The crowd began to break up into smaller fragments, heads close together, whispering among themselves. More than one or two cast looks back at us over their shoulders. Word would be all over the school before lunch was over.
“Are you sure you’re okay?” Dylan asked again as I finished what I’d originally set out to do and placed my unneeded textbooks into my locker, pushing the metal door closed and snapping the combination lock.
“Yeah, I’m fine. It was a little hairy for a while, though. I really thought they were going tear me into little pieces and stuff me into my locker.” I tilted my head. “What about you? You just outed yourself to the whole school too, you know.”
“What’s the worst they can do to me? I’m bigger than most of them.”
“Not Pete and Tony. They’re practically mutants.”
Dylan snorted. “What they are is a pair of prizewinning jerk-offs.”
“Yeah, but they’re big, tough, prizewinning jerk-offs.”
“I can handle them. Besides, it looked to me like they were scared of you. You were pretty impressive.”

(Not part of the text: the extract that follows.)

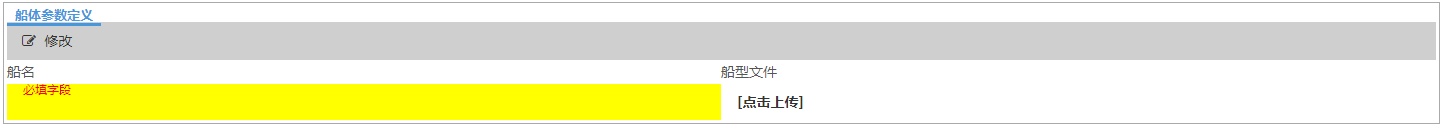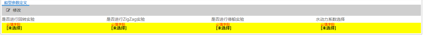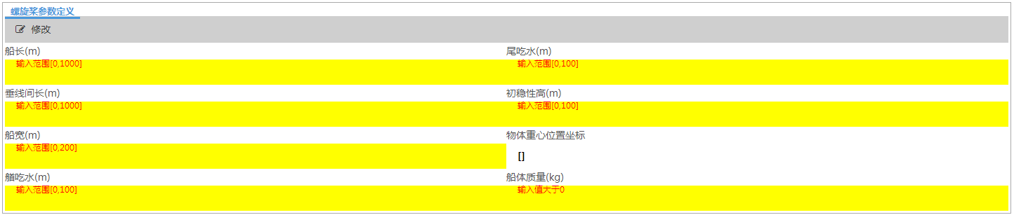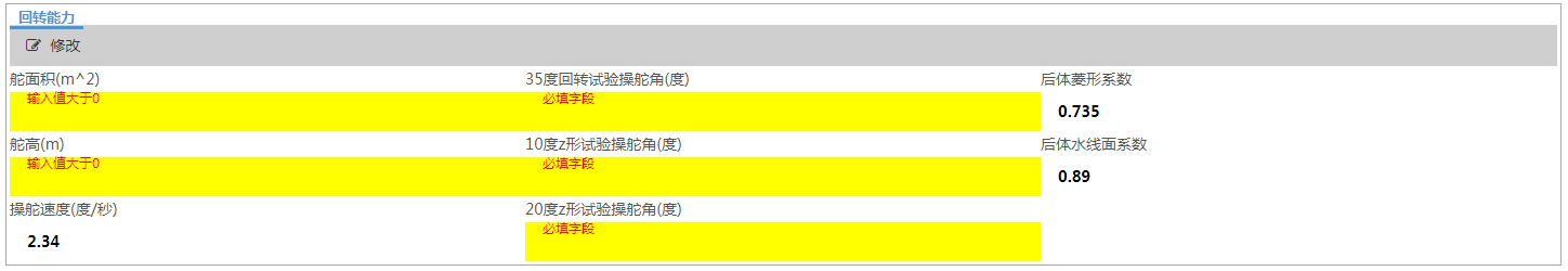 在“输入”标签中,点击“船型参数”小标签下方的“修改”按钮,可进入如下图所示页面,可以进行与船型相关参数的设置。按照所提示的信息输入正确的船型参数。其中船舶类型为下来菜单,不需要用户输入,其余参数都需要用户手动输入。

“Me? Nah. I’m all bark and no bite, like Mr. Fisher’s Great Dane—the one without a tooth in its head. I might have gummed them pretty good, though.”
Dylan laughed, and for a minute I forgot we weren’t alone. It was just him and me, and I really, really wanted to kiss him. Luckily, I remembered myself just in time. Losing my cool with Pete and Tony had been one thing; public display of affection was another. I wasn’t ready for that—not by a long shot.
Dylan, evidently, didn’t feel the same way.
“Ready for lunch?” I asked instead, after clearing my throat. “I’m starving.”
“Yup. Me too,” Dylan said, smiling.
As we walked down the hallway toward the stairwell, past the last of the curious onlookers, Dylan put his arm around my shoulders.
For the second time that day, I was floored when I heard a smattering of applause from the crowd of kids behind us. Even more amazing, I didn’t hear a single shout of “Faggots!” or “Homos!” or any of the other million derogatory taunts I’d imagined would be hurled at us at school.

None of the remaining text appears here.